The preceding information shows that there are many profile data files and the analysis methods are flexible. The following introduces several important files and corresponding analysis methods.

  • Analyze the step_trace_*.csv file to obtain the iteration trace data. This file records the duration of each iteration.
    Figure 3 Example of the step_trace_*.csv file
    The main fields are as follows:
    • Iteration Time: computation time of an iteration, including the time of the FP/BP and Grad Refresh phases.
    • FP to BP Time: computation time of forward and backward propagation on the network.
    • Iteration Refresh: iteration trailing time.
    • Data Aug Bound: interval between two adjacent iterations.
  • Analyze the op_statistic_*.csv file to obtain the total calling time and total number of calls of each type of operators, check whether there are any operators with long total execution time, and analyze whether there is any optimization space for these operators.
    Figure 4 Example of the op_statistic_*.csv file

    You can sort the operators by Total Time to find out which type of operators takes a long time.

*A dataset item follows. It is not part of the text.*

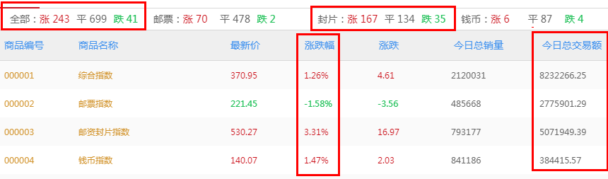 京东文娱寄卖商城商品行情(目前主要分析邮资封片、邮票和钱币板块),以下图表皆可点击放大查看。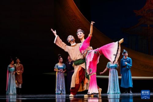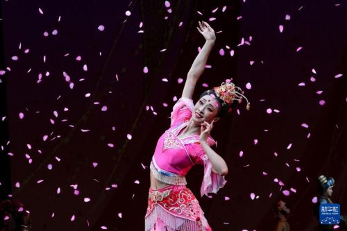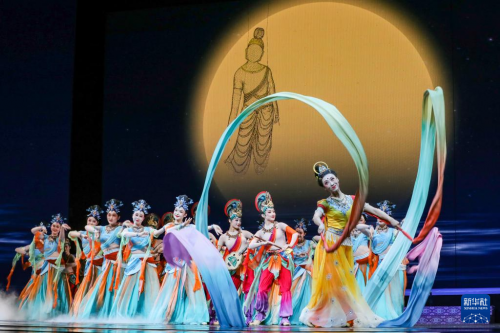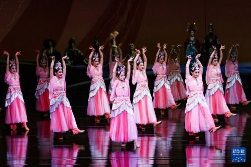 9月20日晚,演员在敦煌大剧院表演新版《丝路花雨》。 新华社记者 郎兵兵 摄

  • Analyze the op_summary_*.csv file to obtain the basic information and time consumption of a specific operator, find the operator with high time consumption, and check whether there is any optimization space for the operator.
    Figure 5 Example of the op_summary_*.csv file

    The Task Duration field specifies the operator time consumption. You can sort operators by Task Duration to find time-consuming operators, or sort them by Task Type to view the time-consuming operators running on different cores (such as AI Core and AI CPU).